Als een apparaat, vampiers zijn bijna gevaarlijk flexibel: lezers en schrijvers hebben meer dan genoeg touw om zichzelf op te hangen. Onder de enorme hoeveelheid literaire vampiers van vandaag is het nog nooit zo gemakkelijk geweest om precies de vampier te vinden die je zoekt – en nog nooit zo moeilijk om er maar 10 te kiezen.

The Vampyre door John William Polidori (1819)

De auteur van wat waarschijnlijk het eerste complete vampierverhaal is dat in het VK is gepubliceerd, John William Polidori, was de lijfarts van Byron in 1816. Byron diende later als inspiratie voor Polidori’s vampier (Ruthven gedoopt naar de Byron-analoog in Glenarvon, Lady Caroline Lamb’s roman à clef over haar affaire met de dichter). The Vampyre was ook gebaseerd op een onvoltooid fragment geschreven door Byron. De geschiedenis van het verhaal zelf maakt het tot een fascinerende studie van de vampirische aspecten van literaire invloed en leningen. Ruthven markeert ook de geboorte van een Byronic vampierarchetype, dat gothic-schrijvers de komende twee eeuwen goed zou dienen.

Lord George Gordon Byron, dichter en leverancier van vampirische inspiratie. Foto: Apic / Getty Images

La Morte Amoreuse (The Dead Woman in Love) door Théophile Gautier (1836)

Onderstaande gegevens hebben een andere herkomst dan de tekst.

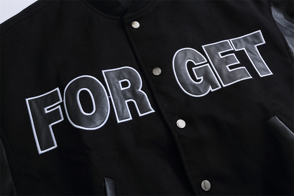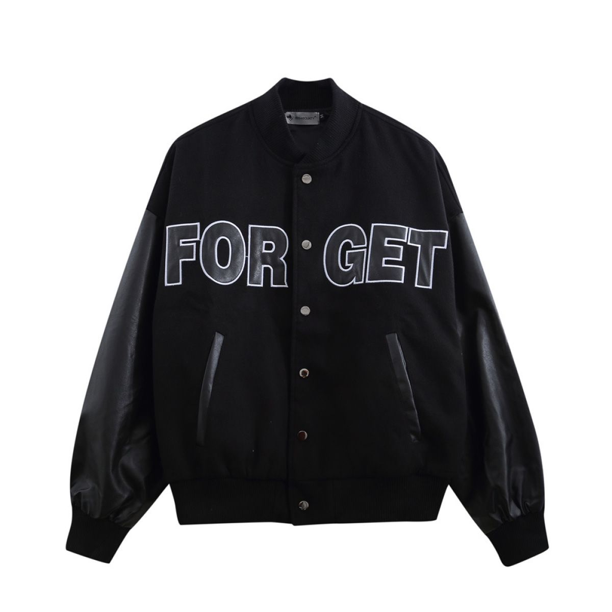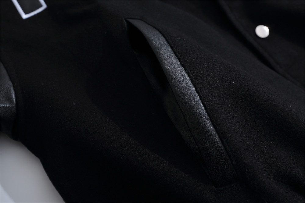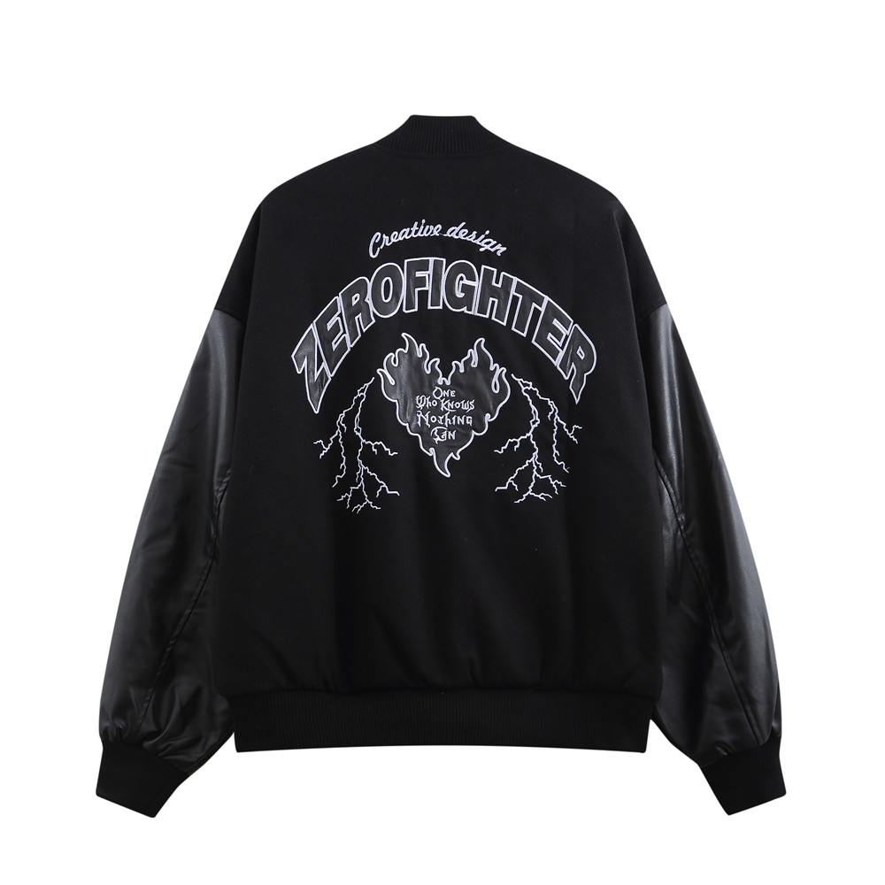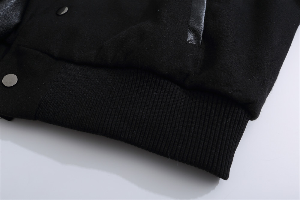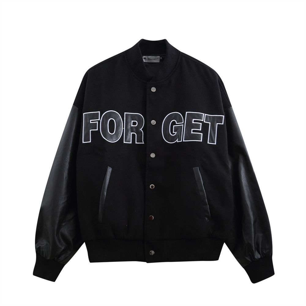Stitching PU Leather Sleeve Baseball Uniform Men's Ins Fashion Brand Letter Embroidered Jacket

The vampire’s bijten hoeft niet een seksuele ontmoeting te symboliseren – maar als het dat doet, moet het zo worden geschreven. De verteller, Romuald, wordt verliefd op een exquise vampiercourtisane, die hem weglokt van zijn priesterlijke geloften naar een leven van plezier en extravagantie. Clarimonde is een van de vroegste – en meest verleidelijke – vampire femmes fatales, en ook een van de meer aanhankelijke.

Varney, the Vampyre door James Malcolm Rymer (1845-47)

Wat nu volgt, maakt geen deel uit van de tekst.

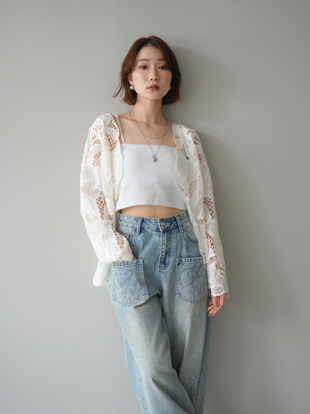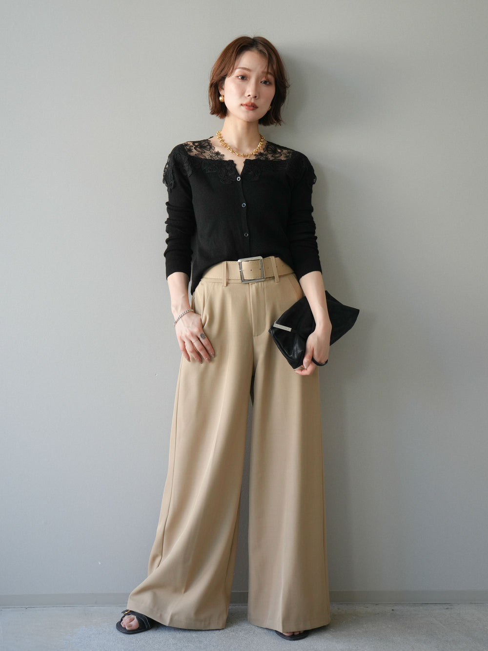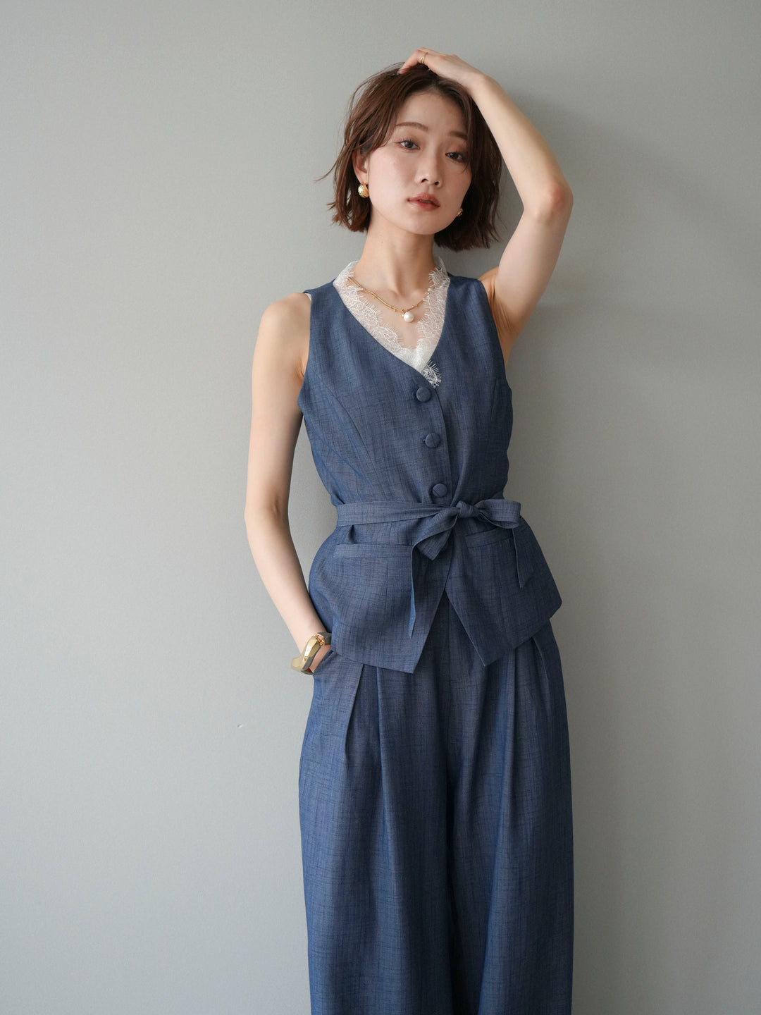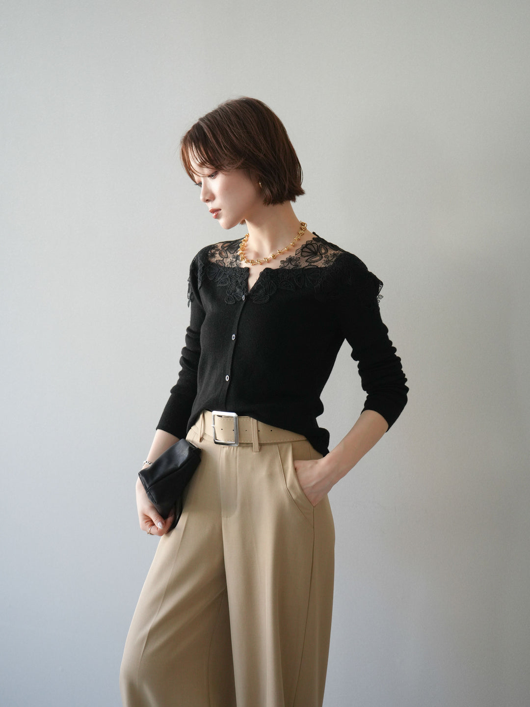 這款襯衫擁有引人注目的大蕾絲領,令人過目難忘。精緻的蕾絲完美勾勒臉部輪廓,營造出優雅嫵媚的氣質。前襟的緞帶細節更添一抹低調,強化了女性柔美的氣質。袖子採用柔和的喇叭形設計,隨著動作輕盈飄逸。寬鬆的版型穿著舒適,同時又是一件吸睛的單品,即使單穿也毫不遜色。無論是搭配牛仔褲等休閒裝扮,或是搭配正式下裝,都能輕鬆駕馭。 *請注意,除下裝和吊帶背心(內衣)外,其他商品均不包含內衣。
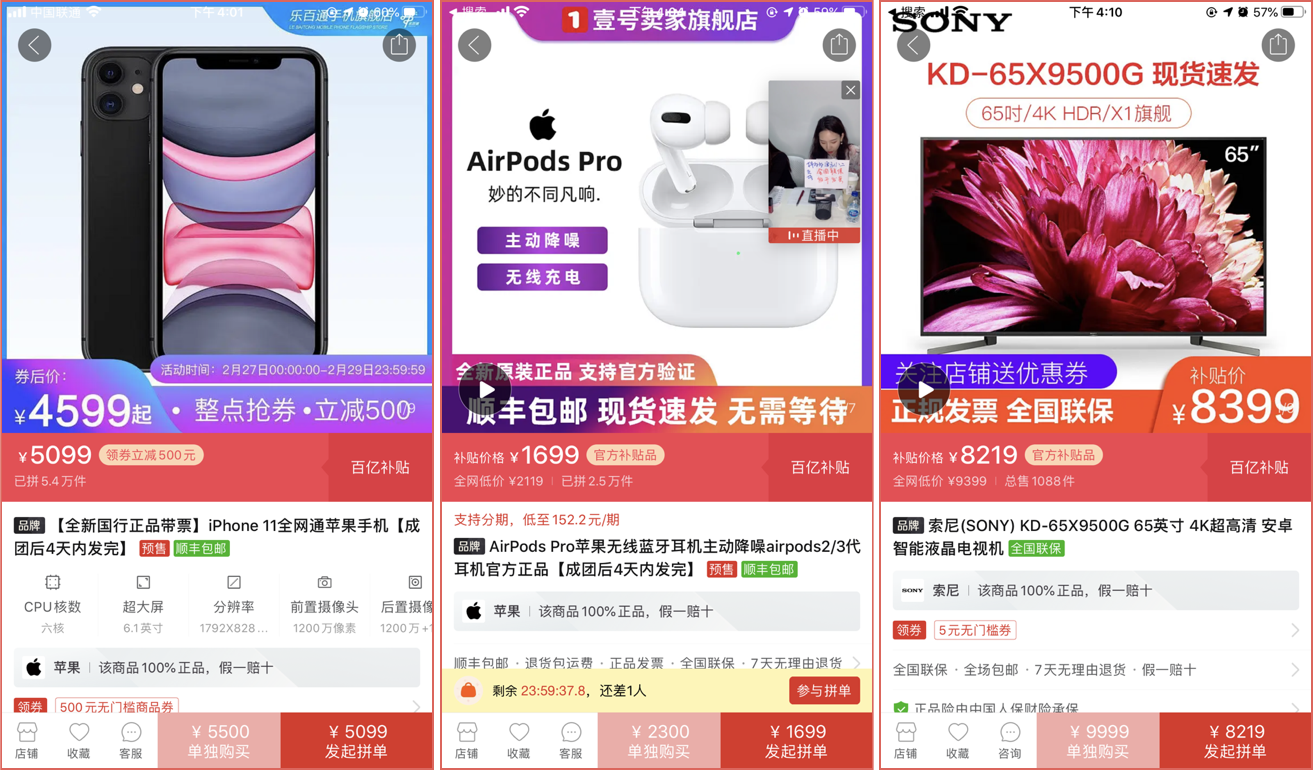 拼多多上線“百億補貼節”:索尼4K電視6折 iPhone11直降1400元

Oorspronkelijk een ‘cent vreselijk’ – goedkope fictie in series – was Varney de eerste vampierroman die in het VK werd gepubliceerd. Varney is een enorm boek met meer dan duizend pagina’s. Varney zelf is een soort underdog: hij vermoordt zelden een van zijn slachtoffers en wordt gewoonlijk ontmaskerd als een vampier voordat hij door kan gaan met zijn slechte plannen. Voor degenen die bang zijn voor de omvang van de roman, kan het eerste hoofdstuk op zichzelf worden genoten als een goed uitgevoerde afbeelding van een vampieraanval. De scène heeft alles: een stormachtige nacht, een oud huis, een slapende onschuldige en een vampier die met lange vingernagels op het raam tikt. De latere hoogtepunten van het gewichtige boekdeel zijn een Frankenstein-achtige scène waarin Varney weer tot leven komt na een hangende, meerdere scènes waarin Varney transparante vermommingen draagt (inclusief die van een monnik), een da veel geweld van de echte schurk van de roman – de onhandelbare menigte.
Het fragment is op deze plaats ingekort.